### Task details
Using the records below, copy exactly the part that opens with the line holding "我看到至少有一个组织为其他需" and closes with the line holding "ボウルに小醤油みそ、酢、ゴマ油、きび砂糖を入れ、よく混ぜ合わせます。", minus the pictures.

##### Records #####

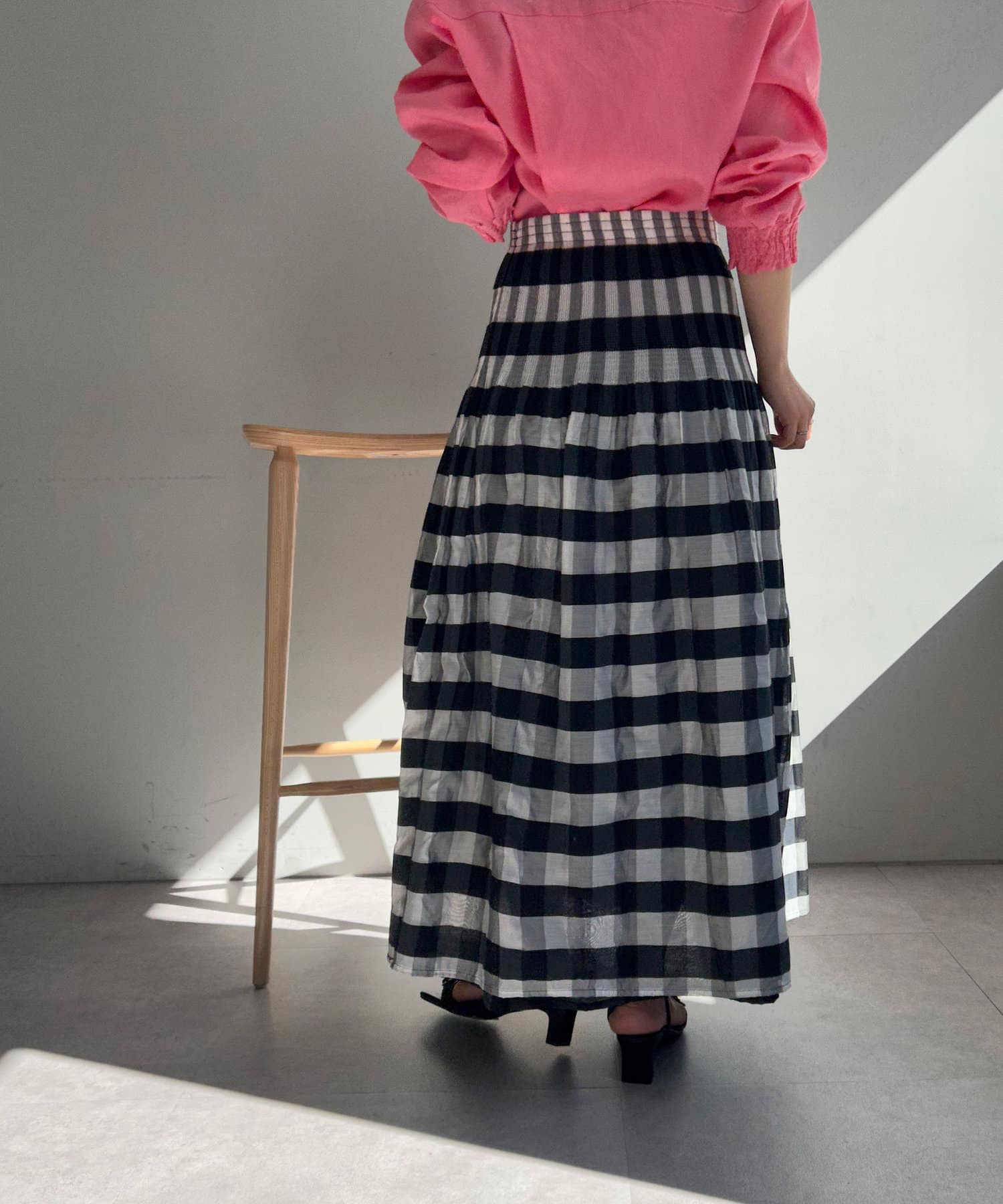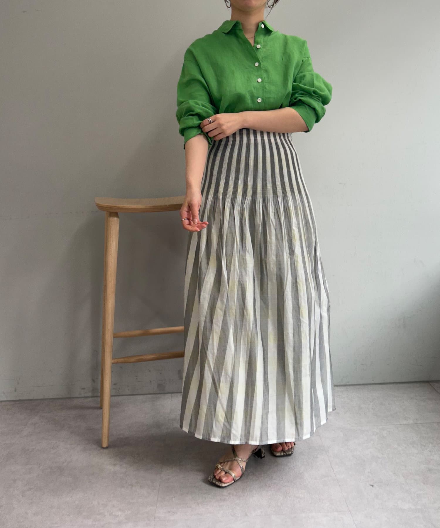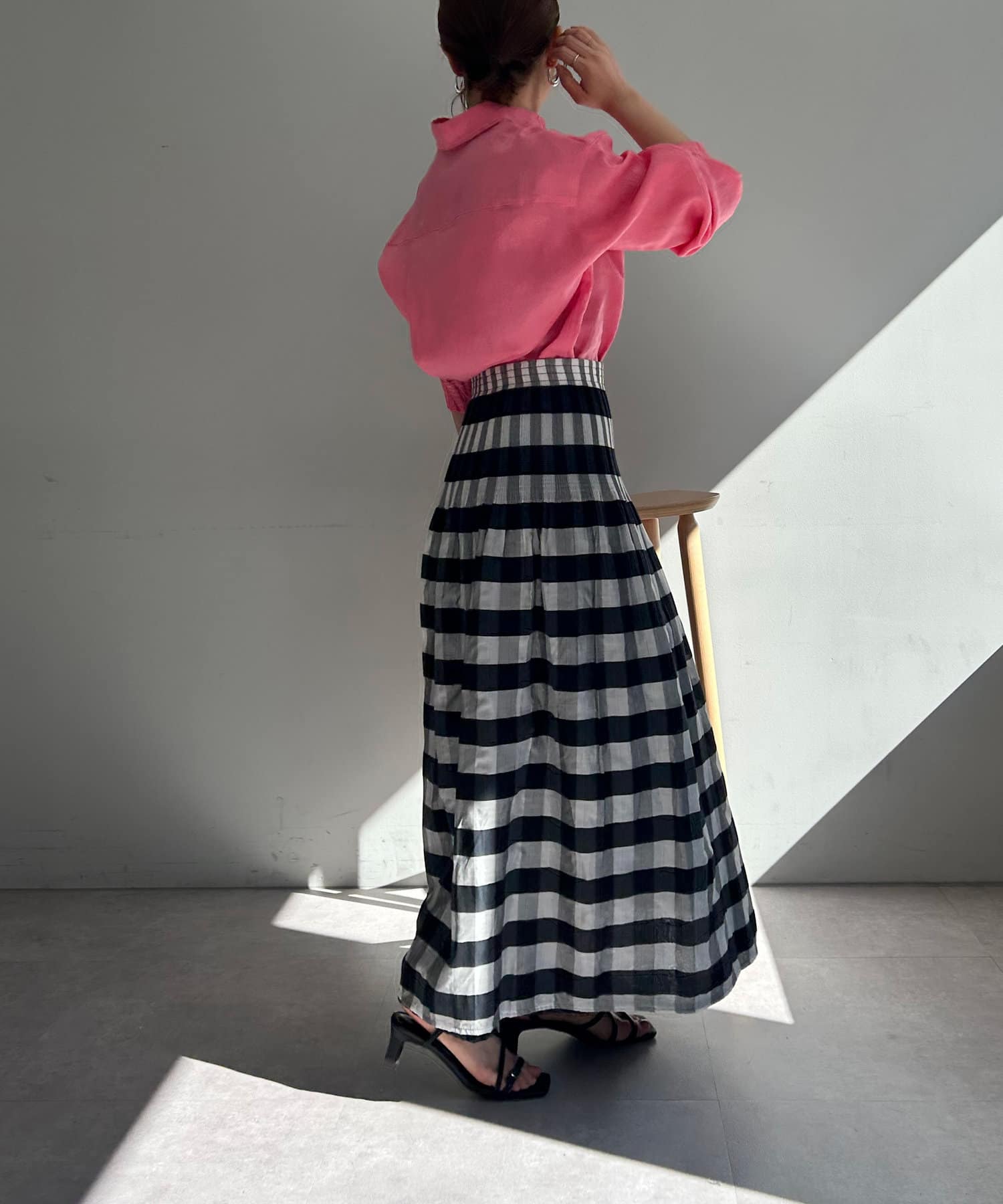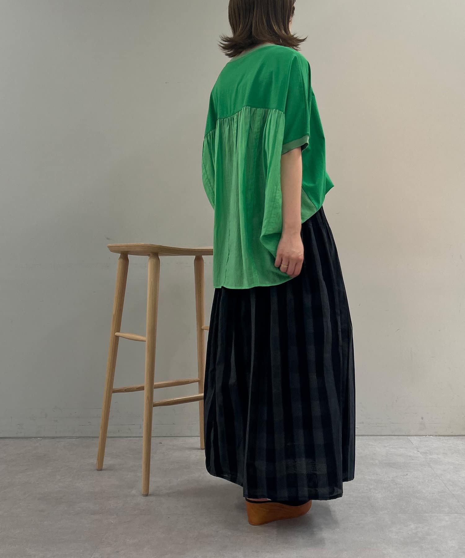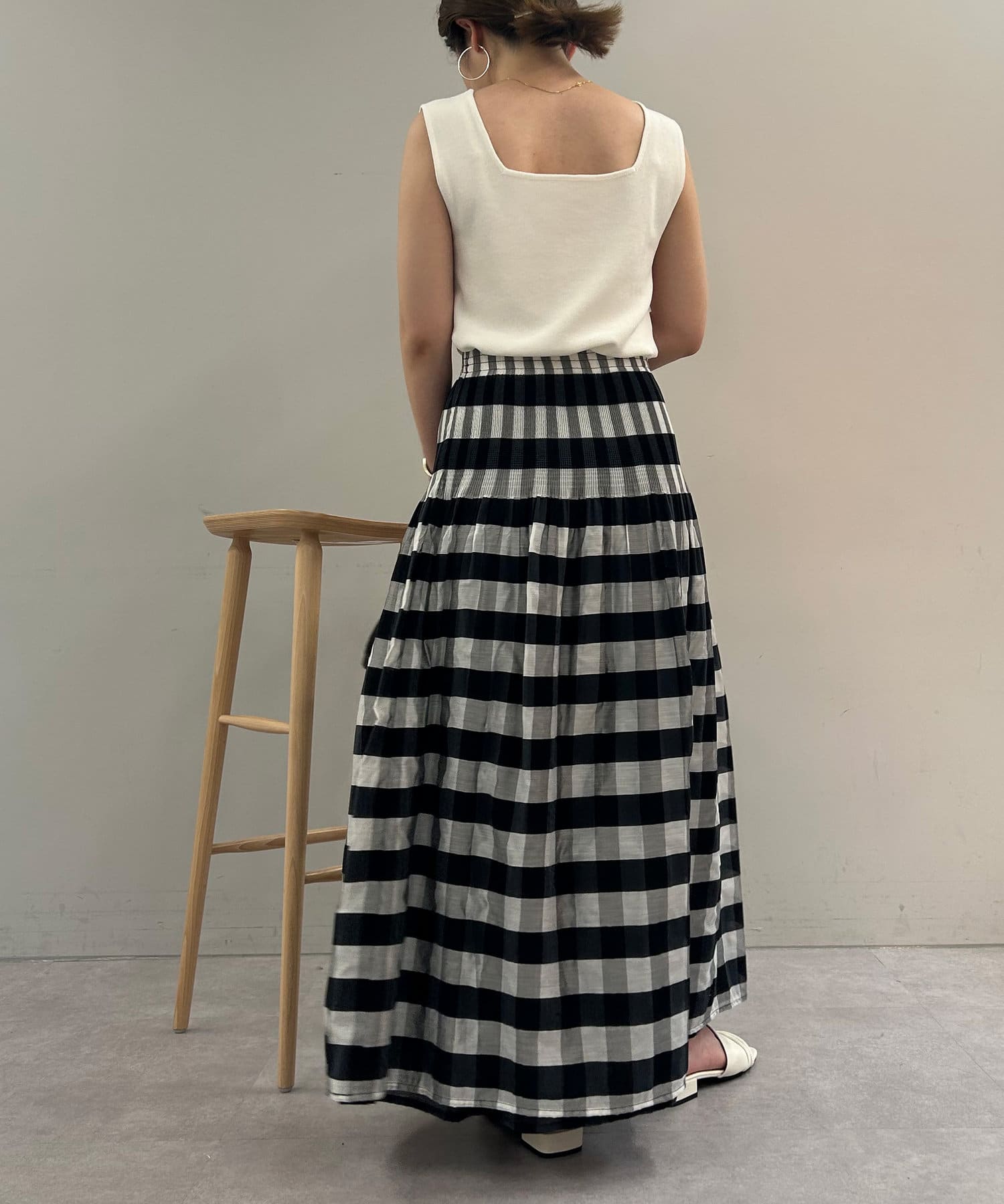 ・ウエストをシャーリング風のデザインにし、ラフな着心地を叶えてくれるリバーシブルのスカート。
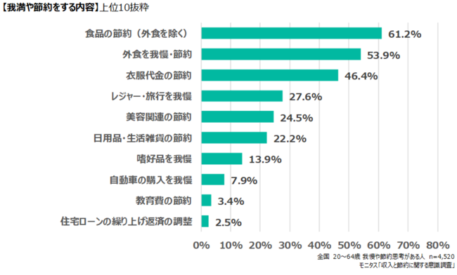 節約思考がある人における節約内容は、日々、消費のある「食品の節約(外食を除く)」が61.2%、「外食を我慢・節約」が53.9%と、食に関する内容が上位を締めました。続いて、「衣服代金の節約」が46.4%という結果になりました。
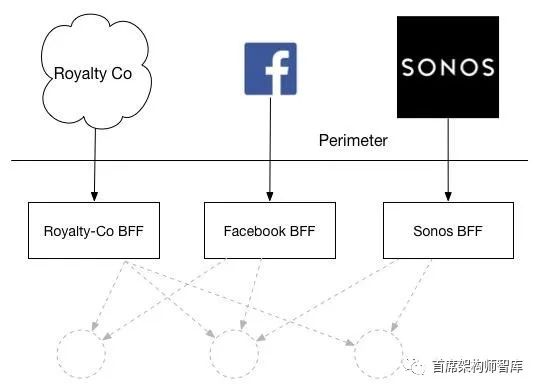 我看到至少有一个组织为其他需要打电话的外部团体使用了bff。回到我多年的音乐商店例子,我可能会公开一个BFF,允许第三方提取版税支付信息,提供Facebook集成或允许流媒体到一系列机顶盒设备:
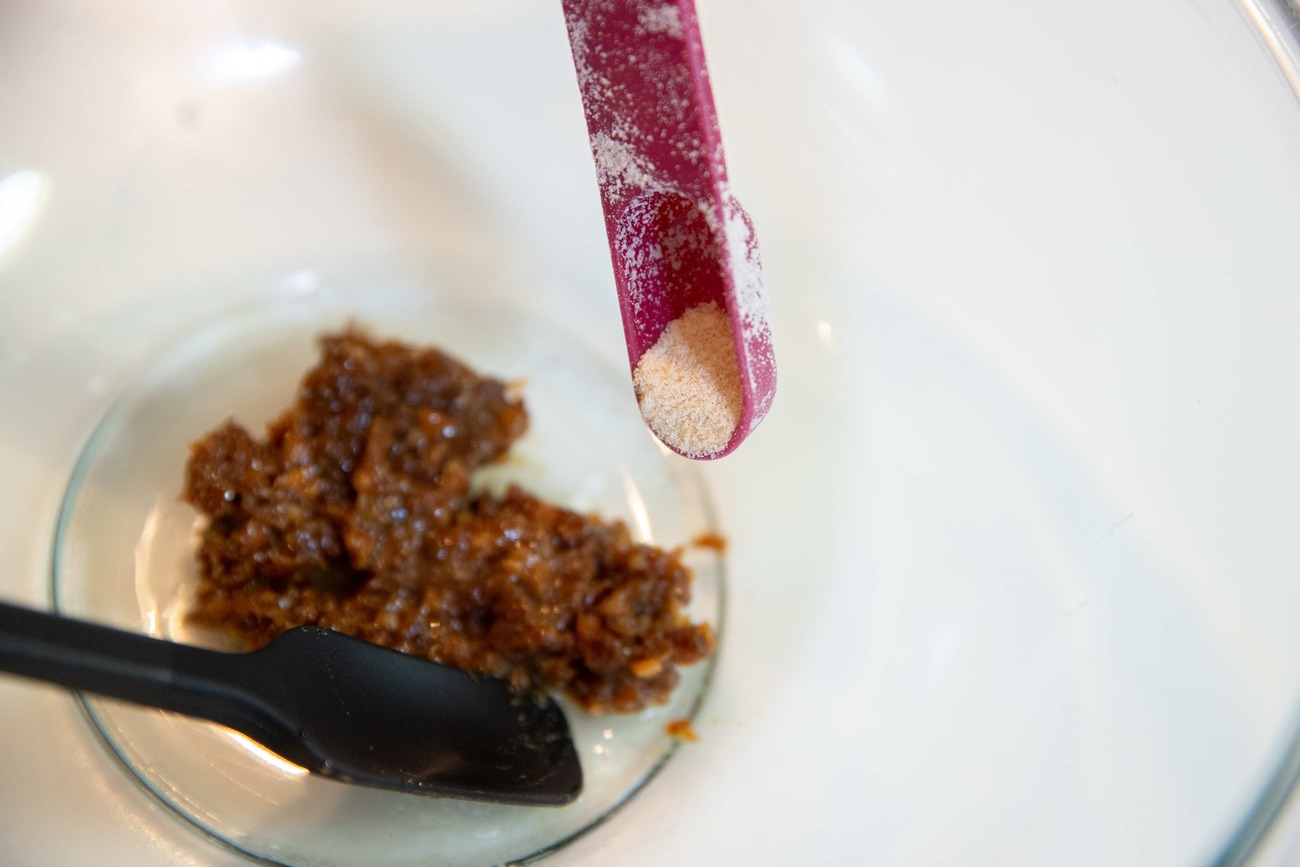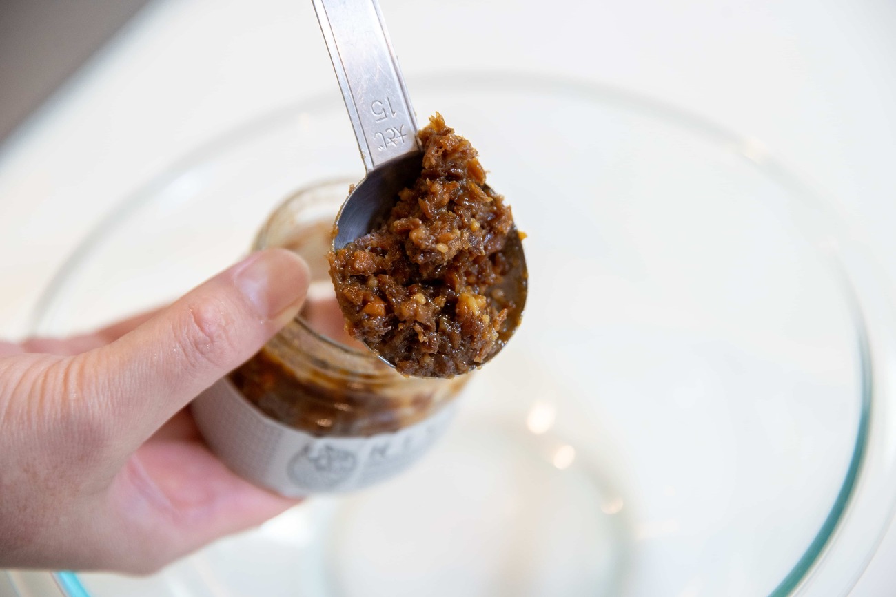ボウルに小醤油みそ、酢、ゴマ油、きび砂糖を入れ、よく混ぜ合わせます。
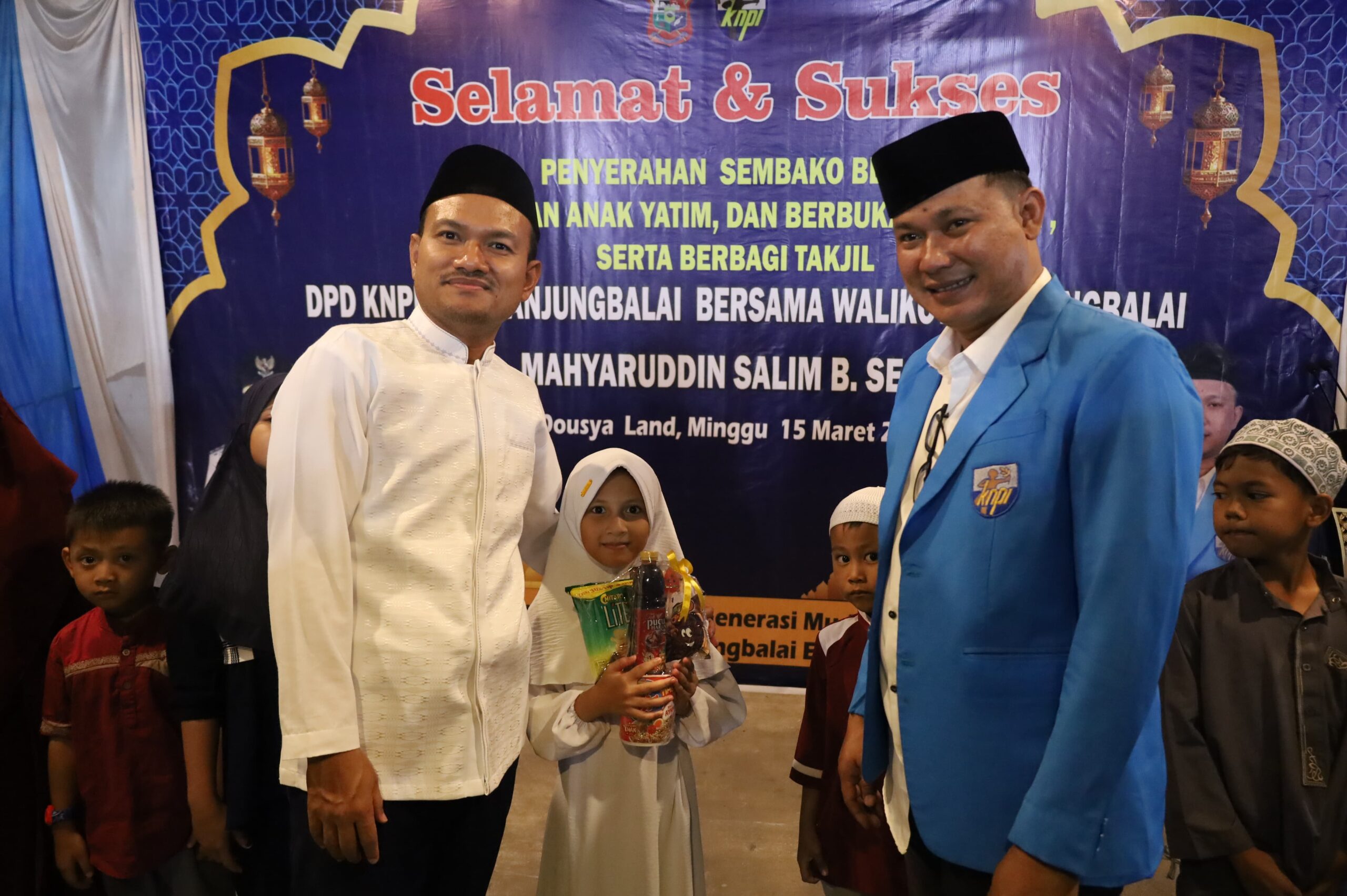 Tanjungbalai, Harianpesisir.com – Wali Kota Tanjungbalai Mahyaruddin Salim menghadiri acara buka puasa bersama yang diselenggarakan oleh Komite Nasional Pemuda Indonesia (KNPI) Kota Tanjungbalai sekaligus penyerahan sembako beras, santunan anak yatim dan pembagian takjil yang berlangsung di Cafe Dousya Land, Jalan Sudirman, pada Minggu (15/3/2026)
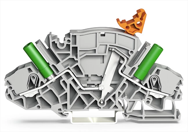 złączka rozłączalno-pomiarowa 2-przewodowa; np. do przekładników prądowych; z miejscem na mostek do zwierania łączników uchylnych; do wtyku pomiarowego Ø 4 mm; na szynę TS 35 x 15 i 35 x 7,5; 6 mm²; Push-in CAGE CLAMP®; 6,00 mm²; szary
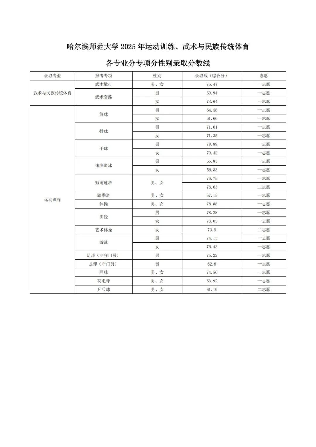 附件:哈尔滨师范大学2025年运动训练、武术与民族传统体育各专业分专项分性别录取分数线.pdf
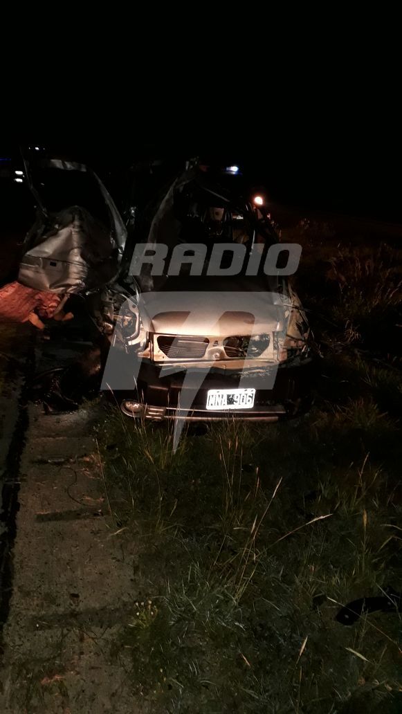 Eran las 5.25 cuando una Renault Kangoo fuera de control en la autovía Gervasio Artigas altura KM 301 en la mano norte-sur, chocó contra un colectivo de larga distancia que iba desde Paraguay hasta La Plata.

#####

### Answer space
 我看到至少有一个组织为其他需要打电话的外部团体使用了bff。回到我多年的音乐商店例子,我可能会公开一个BFF,允许第三方提取版税支付信息,提供Facebook集成或允许流媒体到一系列机顶盒设备:
ボウルに小醤油みそ、酢、ゴマ油、きび砂糖を入れ、よく混ぜ合わせます。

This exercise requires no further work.